If 250 g N2, and 18.75 g H2, are used for this reaction, How much of the excess reactant will be left over?
To determine the excess reactant left over, we first need to calculate the moles of each reactant using their respective molar masses.
1. Calculate the moles of N2:
Molar mass of N2 = 28.02 g/mol
Moles of N2 = 250 g / 28.02 g/mol = 8.92 mol
2. Calculate the moles of H2:
Molar mass of H2 = 2.02 g/mol
Moles of H2 = 18.75 g / 2.02 g/mol = 9.30 mol
Next, we need to determine the limiting reactant in the reaction. The balanced chemical equation for the reaction is:
N2 + 3H2 -> 2NH3
From the equation, we can see that the ratio of moles of N2 to H2 is 1:3. This means that N2 is the limiting reactant.

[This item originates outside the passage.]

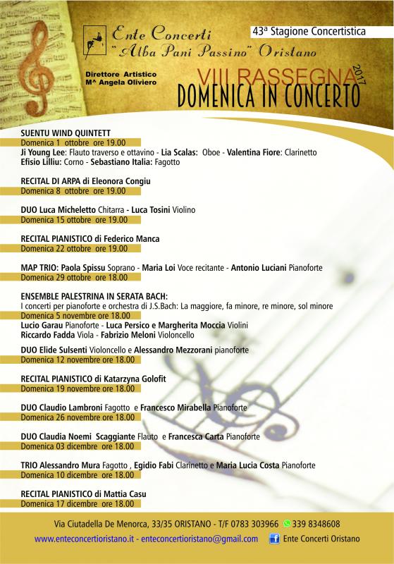 La Rassegna, inserita nell'ambito della 43^ Stagione Concertistica, è organizzata dall’Ente Concerti “Alba Pani Passino con il patrocinio della Regione Autonoma della Sardegna, della Fondazione di Sardegna, del Ministero per i Beni e le Attività culturali e Turismo e la collaborazione del Museo Diocesano Arborense.
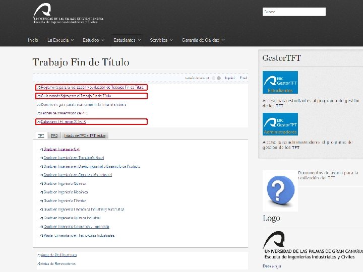 Escuela de Ingenierías Industriales y Civiles de Las Palmas de Gran Canaria (ULPGC) Gestor TFT Trabajo Fin de Título Normativa y requerimientos

Since N2 is the limiting reactant, all of the N2 will react completely and only some of the H2 will react. Now we need to calculate the amount of H2 that will react with the given amount of N2:
Moles of N2 : Moles of H2 = 1:3
Moles of H2 reacting with N2 = 8.92 mol N2 x (3 mol H2 / 1 mol N2) = 26.76 mol H2
Since we only have 9.30 mol of H2, it is the excess reactant. The amount of excess reactant left over can be calculated by subtracting the moles of H2 that reacted with N2 from the total moles of H2:
Excess H2 left over = 9.30 mol H2 - 26.76 mol H2 = -17.46 mol H2
Since we cannot have a negative amount of a substance in a chemical reaction, the excess reactant left over is 0 mol.